Friday, March 12, 2010

US dollar still rules, but debt level a risk: S & P

The U.S. dollar is still the most important currency in the world, said S & P on Thursday, but added that rising levels of debt and U.S. dependence on foreign investors owning part of a heavy debt, represents a danger to the primacy of the currency.
Without a credible plan to curb the fiscal costs, foreign creditors could reduce the dollar reserves, which could pressure the highest credit rating of the U.S., which supports the cost of borrowing at a low level.
At this time, the rating agencies agree that the U.S. economy - the largest in the world, and the depth of financial markets means continued dominance in global trade and currency transactions.
These benefits have helped the dollar maintain its status, despite the financial crisis of 2008-2009, which began in the United States - the report says S & P.
Also, the agency added that the dollar is an important factor supporting the credit rating of 'AAA' USA, which is currently the highest rating in the world.
The main risk for the dollar's status comes from the growing volume of U.S. public debt, which shares owned by foreign central banks and sovereign funds.

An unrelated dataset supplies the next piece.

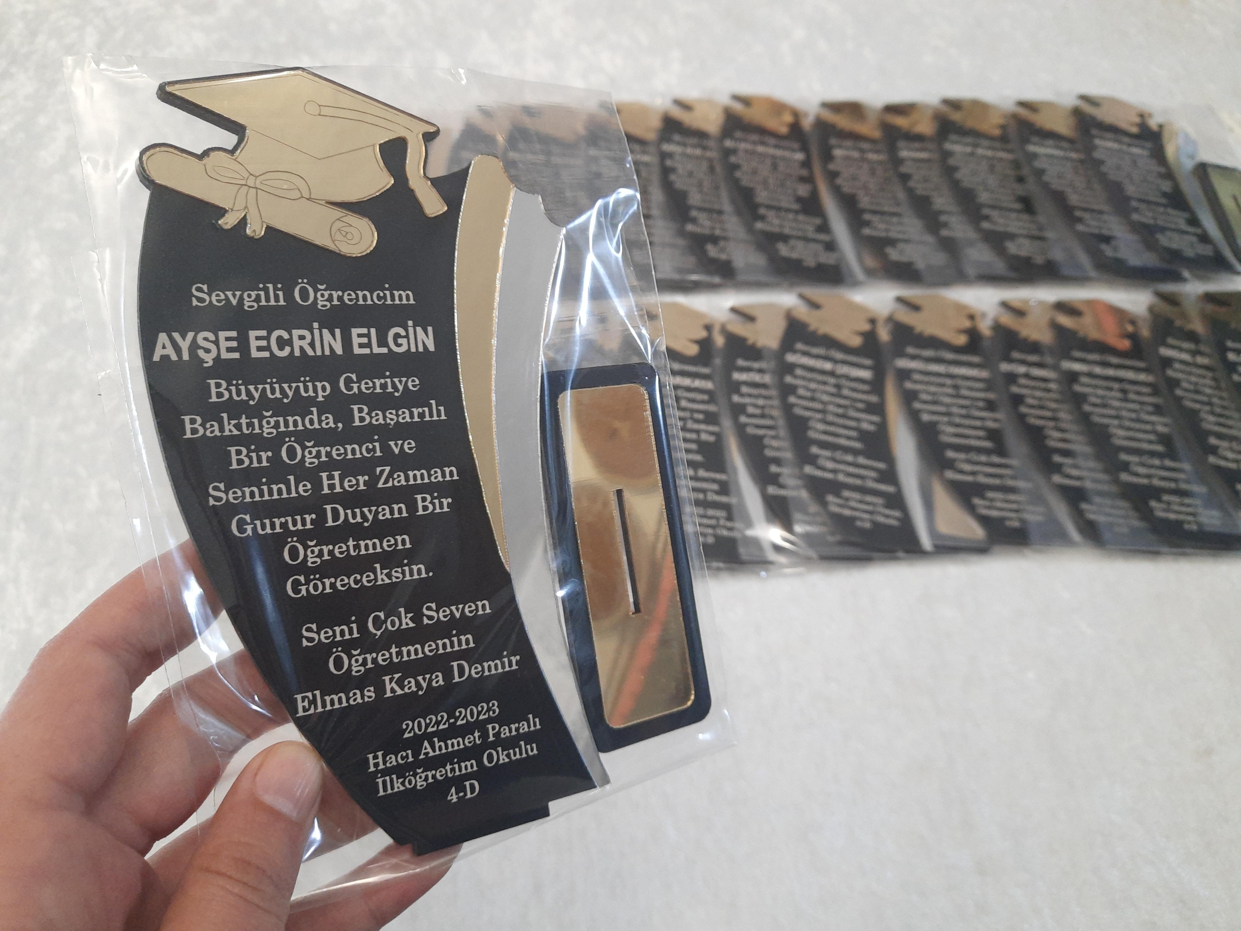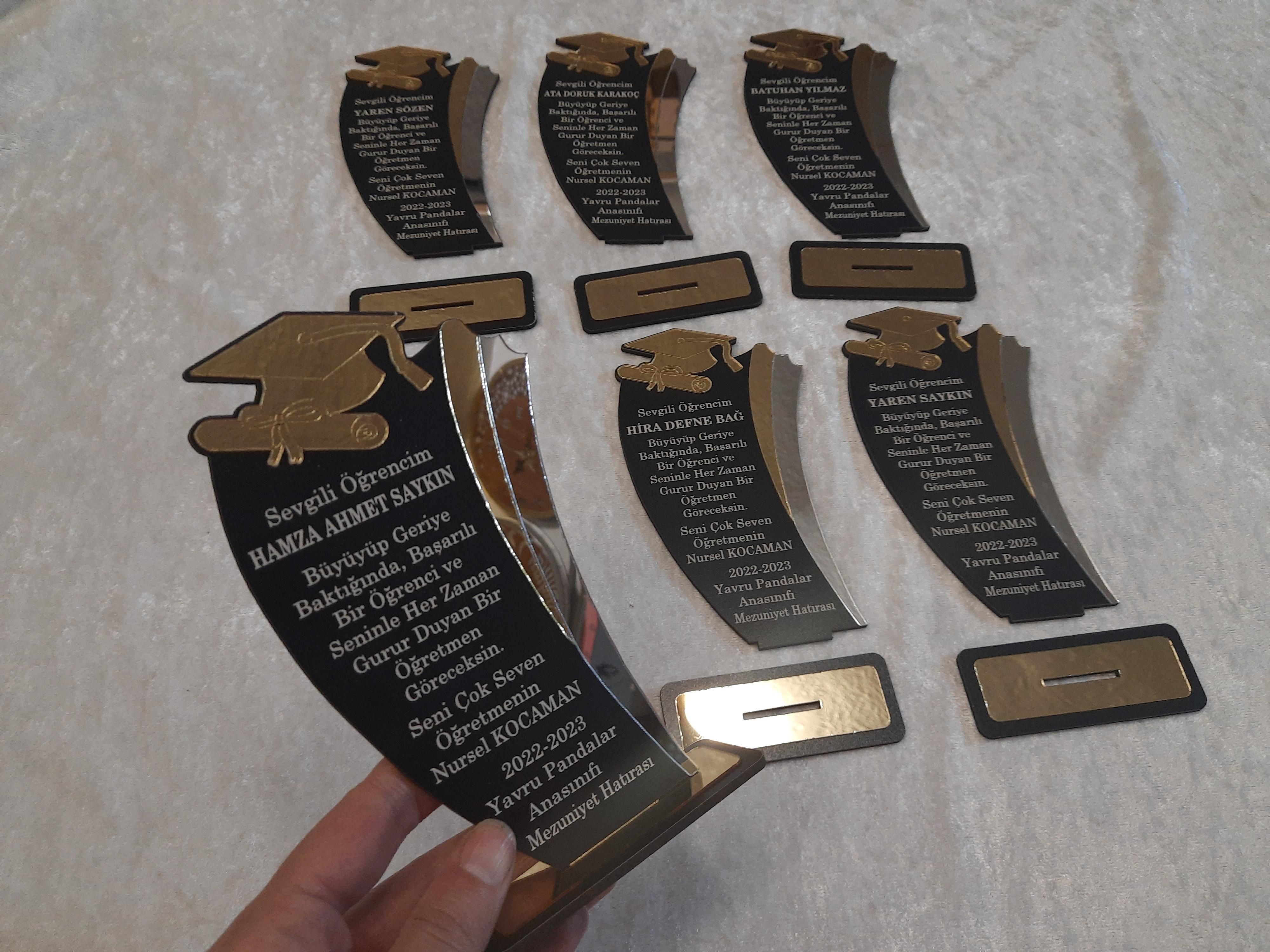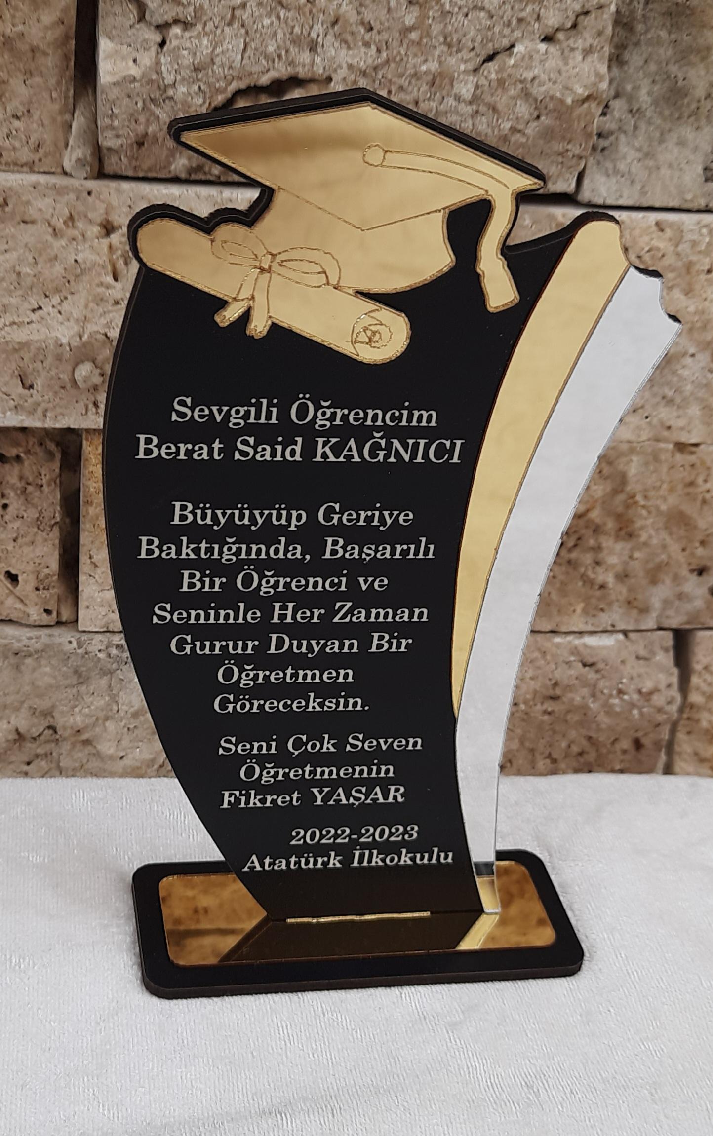 Kepli Plaket modelimiz 17*10 ölçülerindedir. Ürün malzemesi 1mm gold pleksi altına 3 mm siyah ahşap desteklidir.

S & P also stated that the expansion of the U.S. budget deficit was the risk, adding: "no medium-term fiscal consolidation plan, which markets deem reliable, foreign creditors could reduce their dollar assets, especially if they come to the conclusion that the members of the eurozone are implementing strong macroeconomic policy.
China owned 23% of the huge debt the U.S. in 2009, Japan possessed 21% - said the agency. In total, 46% of U.S. public debt owned by official and private foreign investors.

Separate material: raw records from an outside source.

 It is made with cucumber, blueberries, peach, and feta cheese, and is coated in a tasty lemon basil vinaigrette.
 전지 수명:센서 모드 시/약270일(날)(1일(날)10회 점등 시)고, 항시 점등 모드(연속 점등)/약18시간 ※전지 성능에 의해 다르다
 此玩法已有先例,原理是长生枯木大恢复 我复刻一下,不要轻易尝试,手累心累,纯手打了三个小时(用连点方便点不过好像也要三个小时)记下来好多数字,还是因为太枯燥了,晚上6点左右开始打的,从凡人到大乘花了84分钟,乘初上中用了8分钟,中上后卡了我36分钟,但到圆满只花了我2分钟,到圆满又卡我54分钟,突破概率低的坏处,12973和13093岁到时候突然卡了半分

This percentage has increased every year since 2001, when foreign investors owned 30% of U.S. debt.
U.S. budget deficits for fiscal 2010 is projected within 11%, while the ratio of total public debt to GDP ratio will reach 82% by 2013, more than twice as much as in 2007, which amounted to 38% - the agency said.

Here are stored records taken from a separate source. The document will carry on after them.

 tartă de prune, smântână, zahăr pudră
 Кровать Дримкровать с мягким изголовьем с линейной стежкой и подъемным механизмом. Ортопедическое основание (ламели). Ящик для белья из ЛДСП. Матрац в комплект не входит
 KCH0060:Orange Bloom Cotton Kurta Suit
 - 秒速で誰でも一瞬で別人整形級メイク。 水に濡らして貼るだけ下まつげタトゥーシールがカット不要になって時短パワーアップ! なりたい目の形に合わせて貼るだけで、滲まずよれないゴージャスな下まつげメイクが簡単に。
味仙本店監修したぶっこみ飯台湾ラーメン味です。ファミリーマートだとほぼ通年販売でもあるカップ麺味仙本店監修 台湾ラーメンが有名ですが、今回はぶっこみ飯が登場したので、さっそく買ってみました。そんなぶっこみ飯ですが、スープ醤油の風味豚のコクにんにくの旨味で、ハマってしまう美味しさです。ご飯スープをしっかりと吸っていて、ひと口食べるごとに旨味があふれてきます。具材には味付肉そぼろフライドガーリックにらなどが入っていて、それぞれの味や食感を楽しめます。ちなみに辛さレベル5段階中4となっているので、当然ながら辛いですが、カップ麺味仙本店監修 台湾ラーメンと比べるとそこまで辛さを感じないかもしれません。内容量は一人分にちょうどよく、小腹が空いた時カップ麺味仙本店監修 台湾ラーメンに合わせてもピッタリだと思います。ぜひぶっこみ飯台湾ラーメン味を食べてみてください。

"From our point of view, inflation data, trading volumes, volatility in foreign exchange and the state of the current account, will be critical indicators, if the impact of the dollar will fall," - the report says. "Such a scenario may even put pressure on the 'AAA' credit rating of the U.S..
Some major U.S. lenders, such as China and Russia, were dissatisfied with fiscal and monetary policies of the U.S. over the past year and talked about alternatives to the dollar.
In the meantime, it was not so much signal to ensure that investors and governments abandon the dollar.
S & P notes that the dollar still accounts for about 62% of foreign exchange reserves in central banks, only slightly down from 72% mark in 2001.
"Any decrease in the share of dollar assets is likely to continue to be quiet, gradual and secure for many years", - said the agency.
The dollar is still amounted to 86% in currency exchange operations by the fall of 2009, only slightly down from 90% in 2001.
And while the euro is clearly intruding into international finance, the dollar continues to dominate world trade.
"In each of the countries surveyed the proportion of exports in U.S. dollars exceeds the share of U.S. exports from the country, and often by a large margin" - the report says.